Postcards from the past get pride of place

By Royston Ellis

Collecting mementoes of Sri Lanka’s past takes many forms: ancient artefacts, old books, Dutch furniture, Victorian watercolours, Chinese plates, old banknotes. Some collectors cherish century-old maps and vintage prints, or stamps from the years when Ceylon was part of the British Empire.

For 30 years I have been collecting postcards of old Ceylon. I decided to concentrate on postcards because not many people here and overseas seemed to be interested in them, and it can be a rewarding hobby. It’s fun to track down postcards, fascinating to study them, and it’s an intriguing way to learn about this country’s past.

Elephant shooting (posed) 1903
Queen’s Hotel Kandy 1909
Grand Oriental Hotel 1909
Galle Face Green 1909

Collectors of old postcards generally focus on a period when picture postcards were a novelty. That means the period at the turn of the 20th century, early 1900 to about 1920. This is because pictures on postcards that are about a hundred years old are fascinating views of a bygone world.

Instead of trying to collect all postcard views of that period, it’s easier to concentrate on a particular topic, like venerable hotels. I have postcards of the Grand Oriental Hotel in its prime, the Galle Face Hotel showing the Colombo Club, now part of the Taj Samudra, Queen’s Hotel, Kandy, and a pretty one of the Mount Lavinia Hotel with its original main entrance.

Colonial Ceylon was a popular port of call for steamships plying between Britain and Australia. Passengers staying here for a few days (or even weeks) eagerly sought out postcards to send to friends and family back home.

That resulted in postcards of Ceylon turning up in many countries of Europe, in Australia, and even in the USA, so there are plenty of sources for Ceylon postcards, even today.

Antique shops in Britain and Europe often have a few old postcards tucked away in shoeboxes. There are also some antique shops in Colombo, Bentota and Ambalangoda that have a small, and rather expensive, selection of vintage postcards.

There is even a website dedicated to selling vintage postcards at Another source is where about a dozen collectors vie with each other to grab a bargain. One I missed recently was a rare postcard of The Bristol Hotel in Colombo in 1906, with the caption “Best cuisine in the east.” It was for sale at GBP5.08 (SLRs889).
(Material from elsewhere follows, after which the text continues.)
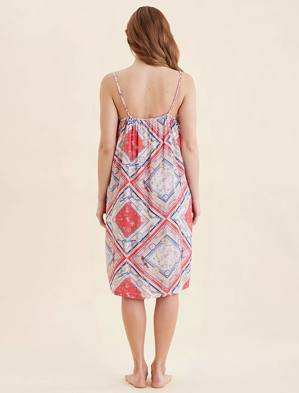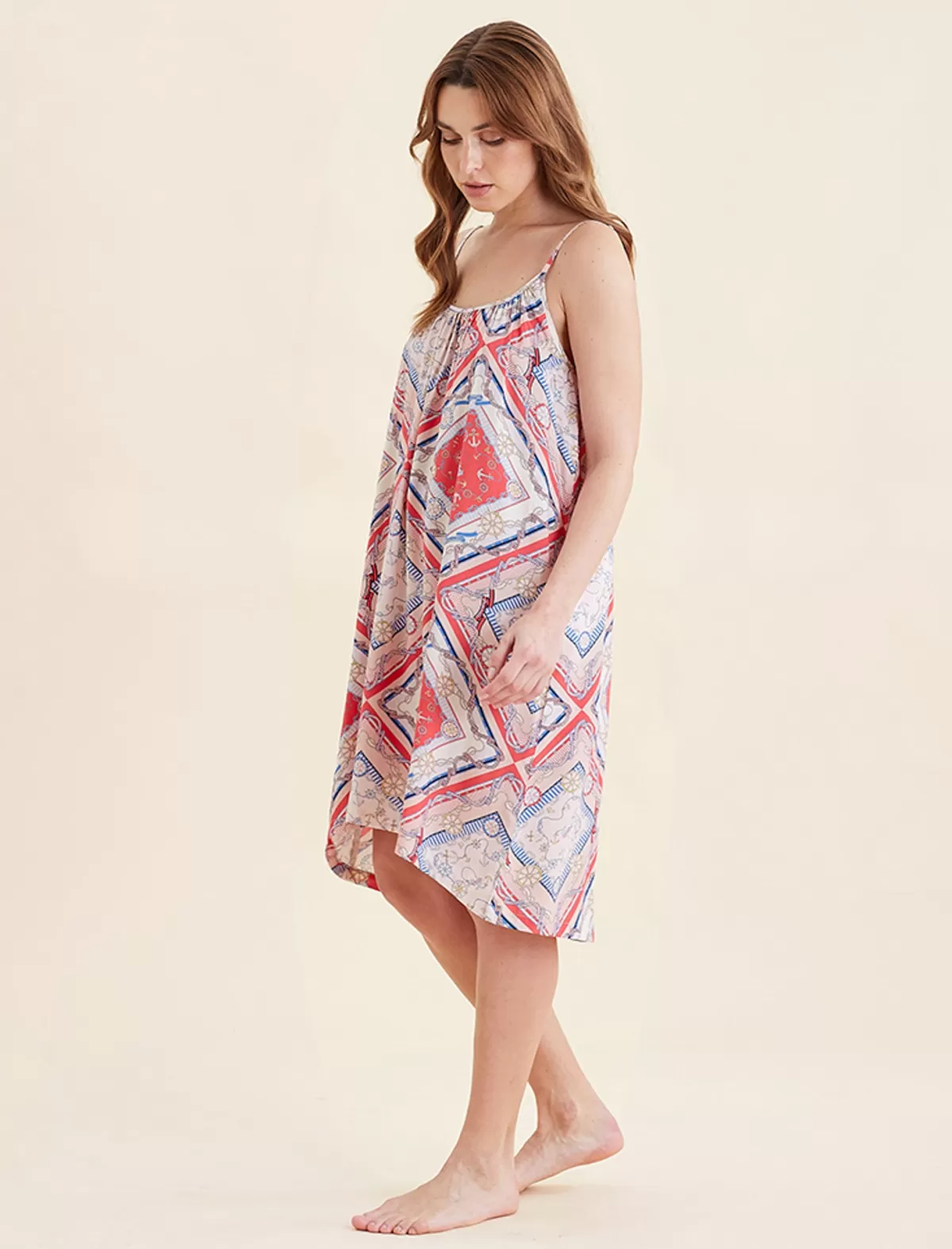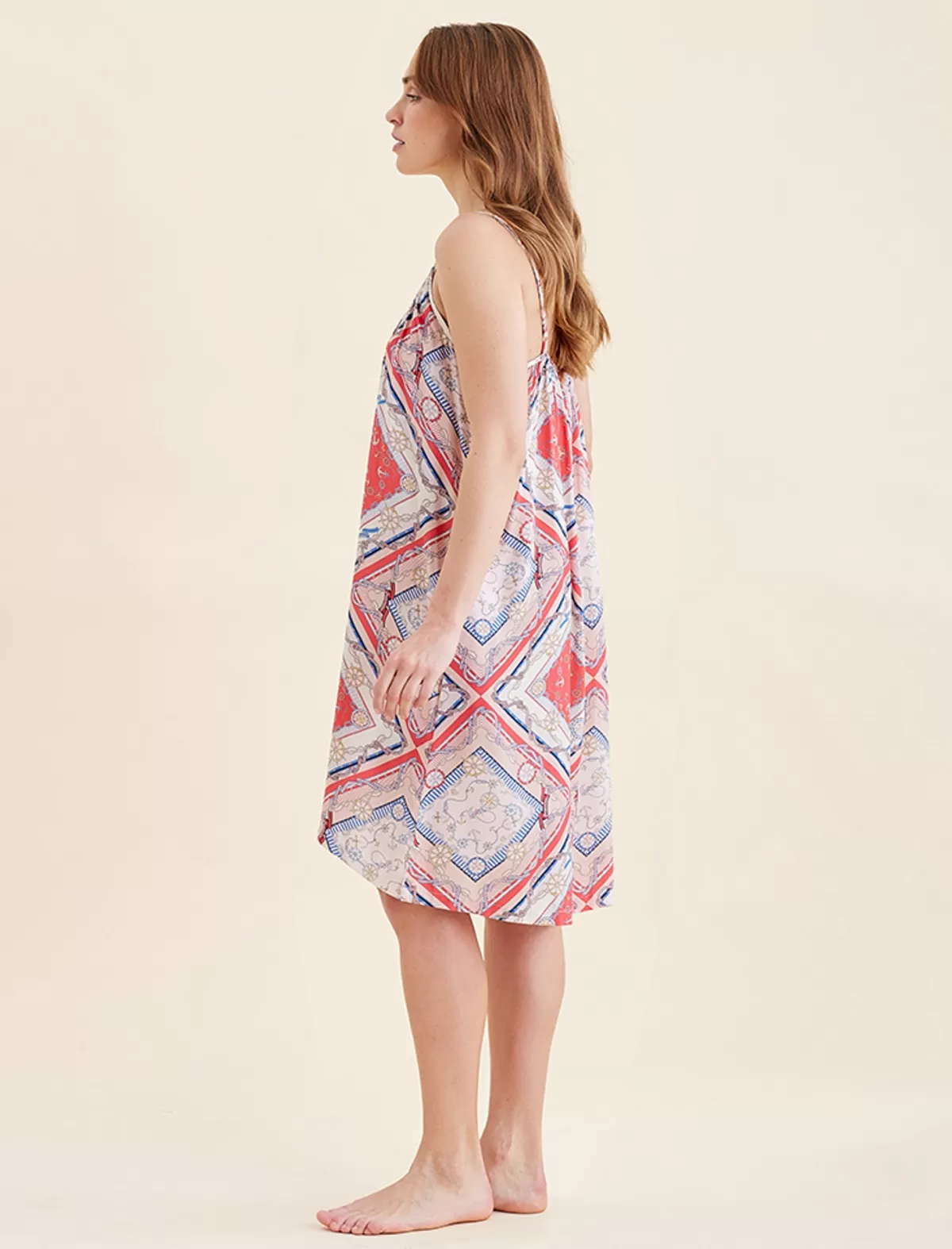 This strappy nightie, now in our marine print, is made from certified Lenzing™ Ecovero™ Viscose and offers a beautifully soft hand feel. This fabric is breathable and light making it the perfect fit for warmer months.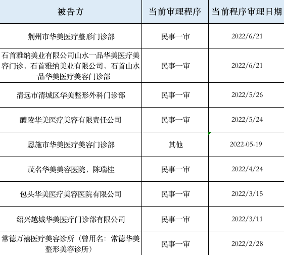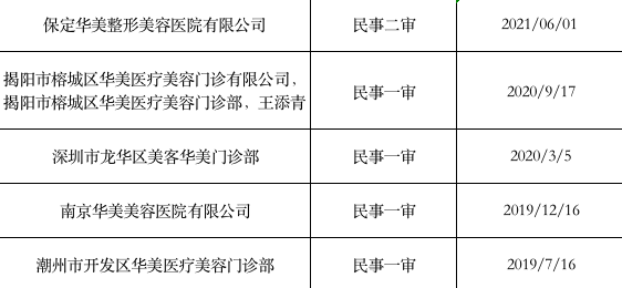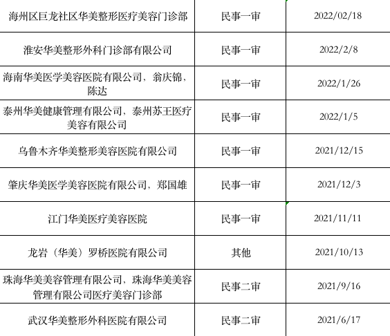 據(jù)時(shí)代財(cái)經(jīng)不完全統(tǒng)計(jì),自2017年起,華美牙科就其他在整形美容領(lǐng)域的華美醫(yī)院的侵害商標(biāo)權(quán)糾紛、侵害商標(biāo)權(quán)及不正當(dāng)競爭糾紛、知識產(chǎn)權(quán)與競爭糾紛等,共起訴了全國41家華美醫(yī)院,涉及新疆、山東、湖南、廣西、廣東等多個(gè)省份。

The main attraction of collecting old postcards from Ceylon is the amazing number of topics available. Postcards showing tea plantations and tea pluckers are plentiful, as are harbour scenes, but postcards of steam engines are hard to find because of the demand by collectors of worldwide rail history.

Village views are good to collect, especially if they are of villages that have grown into towns today. People doing odd things that we no longer see, like carrying pots on a yoke, or posing as an elephant hunter, are fascinating.
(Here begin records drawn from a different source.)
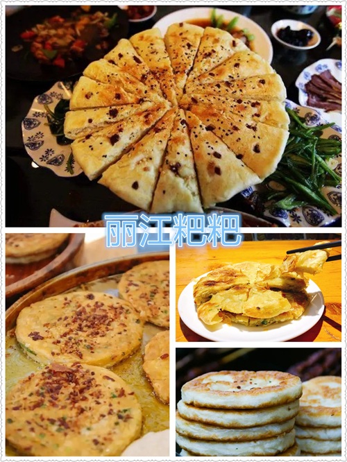 丽江粑粑分为咸甜两类,可以根据各自口味任意选用。烹制好的丽江粑粑外皮金黄,,香味扑鼻,入口浓香酥脆,是老少咸宜之佳品。有的加喝酥油茶,更是其味无穷。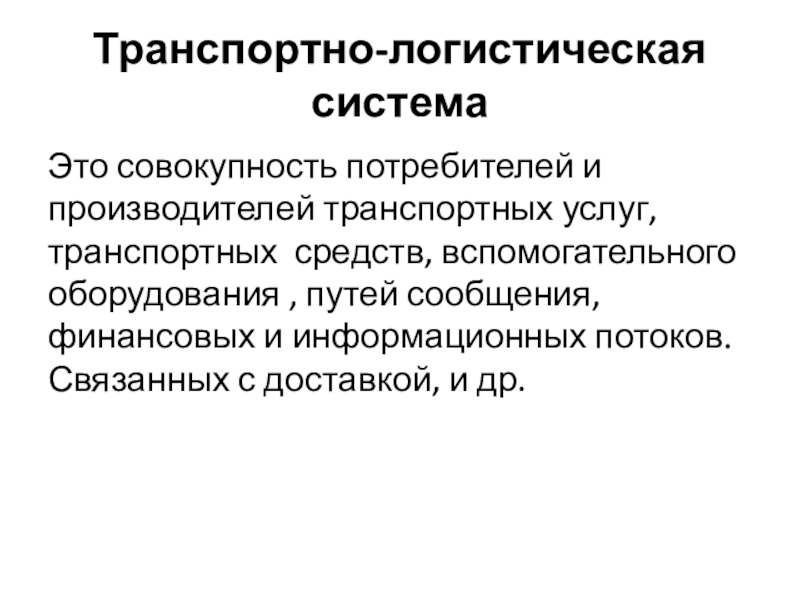 Транспортно-логистическая системаЭто совокупность потребителей и производителей транспортных услуг, транспортных средств, вспомогательного оборудования , путей сообщения, финансовых и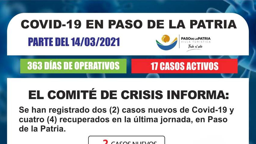 En la última jornada se han registrado dos (2) casos nuevos de Covid-19 y cuatro (4) recuperados en Paso de la Patria.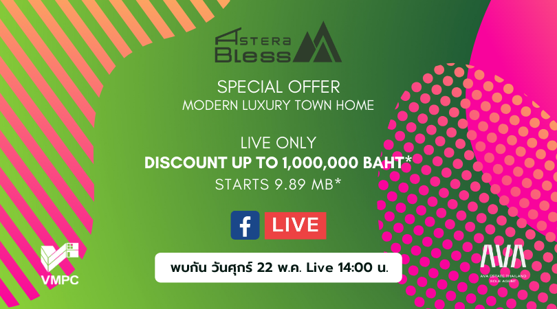 • แปลงมุมสวยพื้นที่ใหญ่สุด super bonus : รับดอกเบี้ย 0% 1 ปี * - รับส่วนลด 400,000 บาท* - ฟรีค่าส่วนกลางนาน 2 ปี* - ฟรีค่าธรรมเนียมการโอนกรรมสิทธิ์*เพียงจองสิทธิ์รับโปรพิเศษ 999 บาท ใน Live สด ผ่านเฟซบุ๊กแฟนเพจ: Astera Bless ในวันศุกร์ที่ 22 พฤษภาคม 2563 เวลา 14.00 น. เท่านั้น!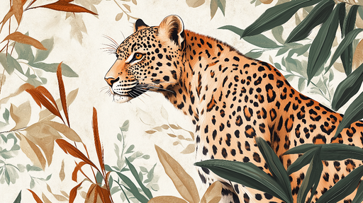 WonderMuralTämä tapetti korostaa mahtavaa leopardia, joka on ympäröity hienostuneella kasvustolla pehmeissä ja luonnollisissa sävyissä. Lämmin ja maanläheinen...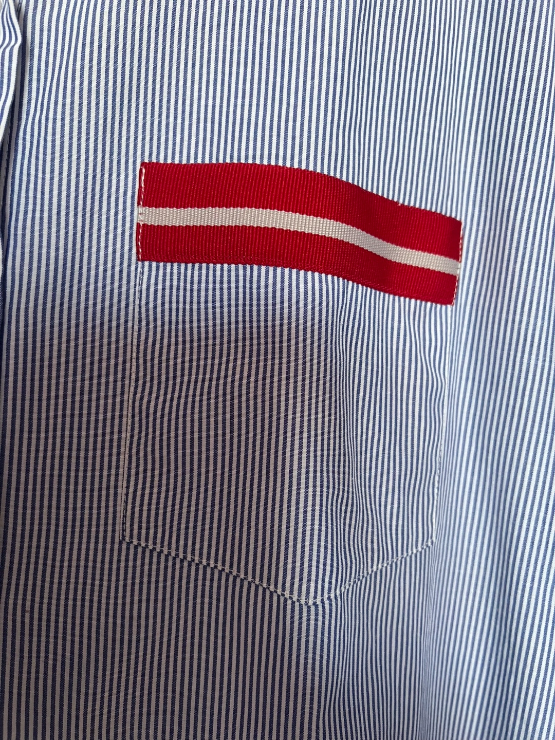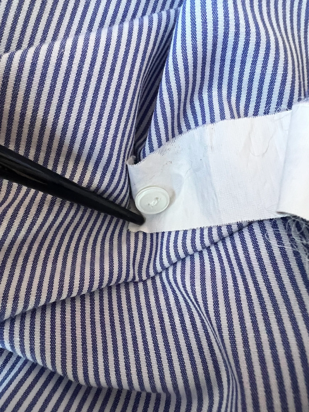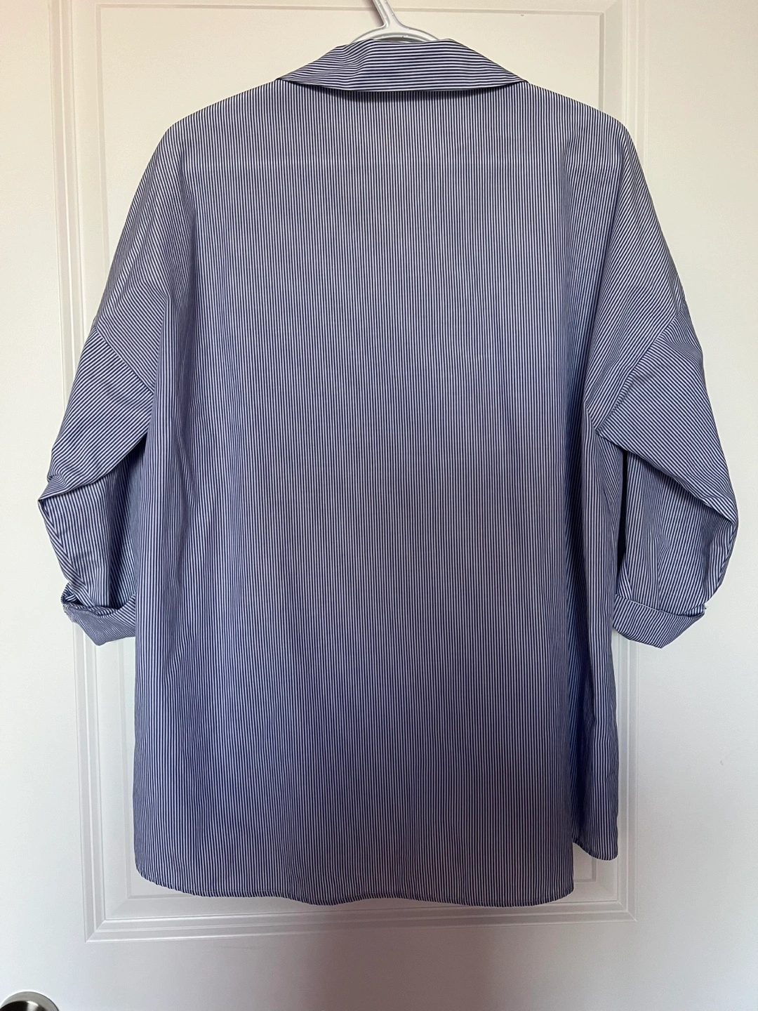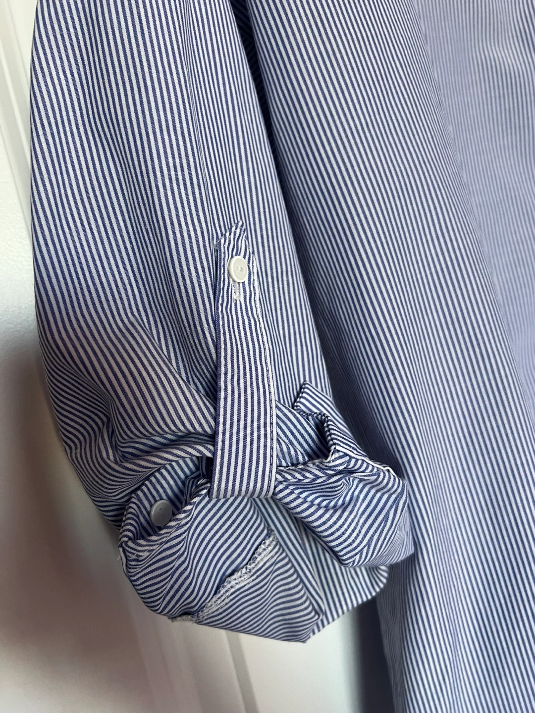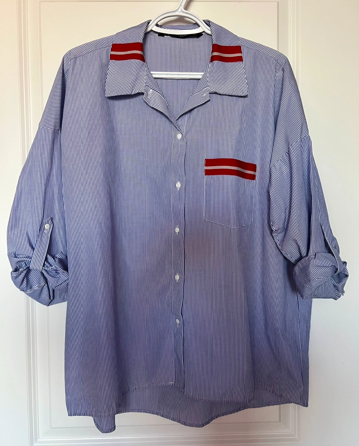 ‼️I delete my ad immediately after my item is sold, so if you see this ad, it’s available! You can go ahead with your questions ! ❌ I won’t reply any availability questions Women's button-down shirt. Blue and white vertical stripes. Features a unique red and white ribbon detail on the collar and pocket. Rolled-up sleeves. Size Medium. ‼️Pick up Yonge & Finch area ONLY!!!! ( please don’t message me if you can’t come for pick up! No delivery or any meet ups! Will provide pick up address after pick up time scheduled ❌ no trade ❌ Please check out my other listing ‼️I cross post on other platforms as well, so first come first get , unless deposit received

Equally collectible are postcards of religious sites and ancient ruins to see how they have changed. Beach scenes are unspoilt as beaches weren’t the desirable holiday spots they are today.

Postcards of the period are usually printed in black and white. If they have been hand coloured they then become unique works of art, different from other postcards showing the same view. Especially attractive are the “Oilette” series of colour postcards published by Raphael Tuck & Sons in England in the 1920s.
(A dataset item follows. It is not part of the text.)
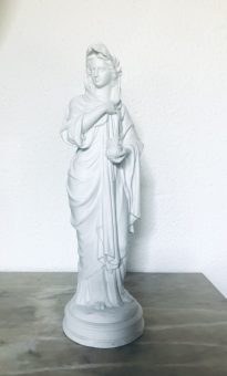 Figura mitológica, de pé, porcelana branca. Cabeça voltada para esquerda, nariz aquilino; mão direita segurando recipiente; braço direito flexionado sobre o corpo com a mão empunhada sobre o colo; ponta do pé esquerdo aparente; cabeça com coroa de folhas. Indumentária: veste longa e manto com capuz que recobre parte da cabeça. Base circular em dois planos.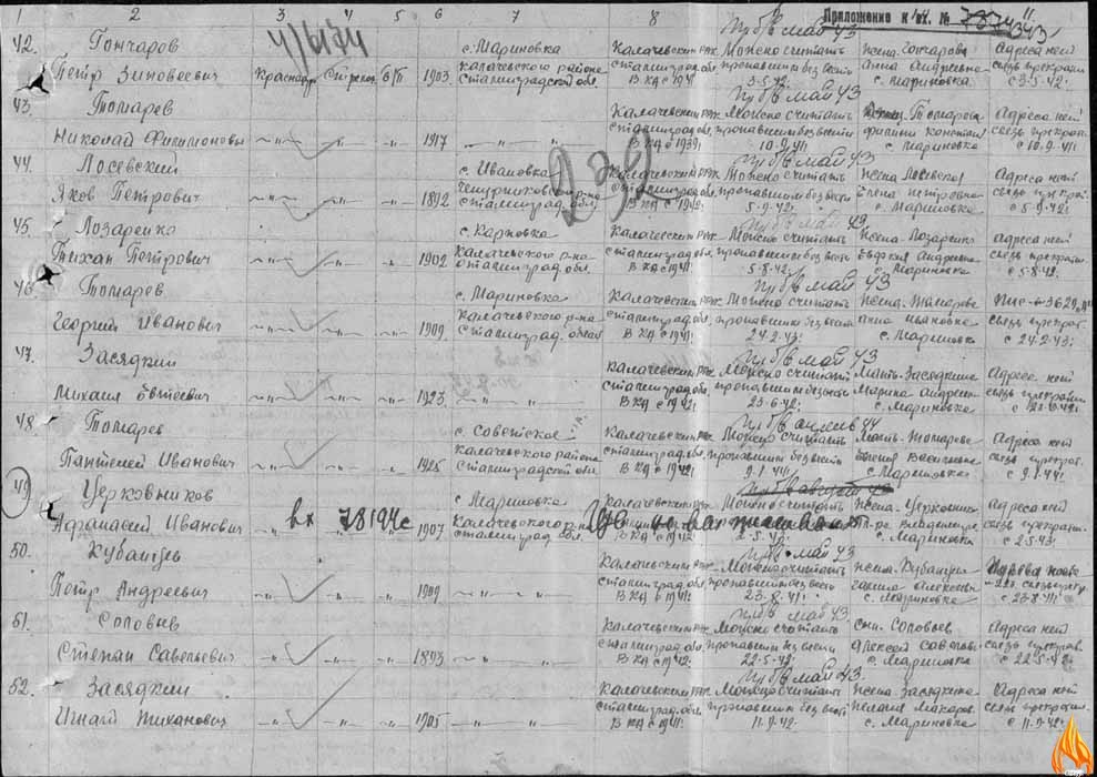 Был призван Калачёвским райвоенкоматом Сталинградской области в 1941 году.

How to store your postcards? Putting them in a firm transparent envelope and keeping them in a shoebox is better than sticking them in an album. When they are in a transparent envelope, you can see both sides of the card.

Sometimes the postage stamps or the words on the postcard are as interesting as the photograph. One card in my collection is of the Galle Face Hotel, on which someone has written in classic script: “This is the only thing free in this hotel.”

The best way to display your best postcards is to frame them. Because a postcard is fairly small (about 5 ½” by 3 ½”), its impact will be lost if put in a frame about the same size. Better to choose a large frame and have a huge mount with large margins of a dark colour.

That way the viewer’s eye is directed to the postcard and all its glory, and it will be the pride of a unique collection reflecting last century’s Sri Lanka.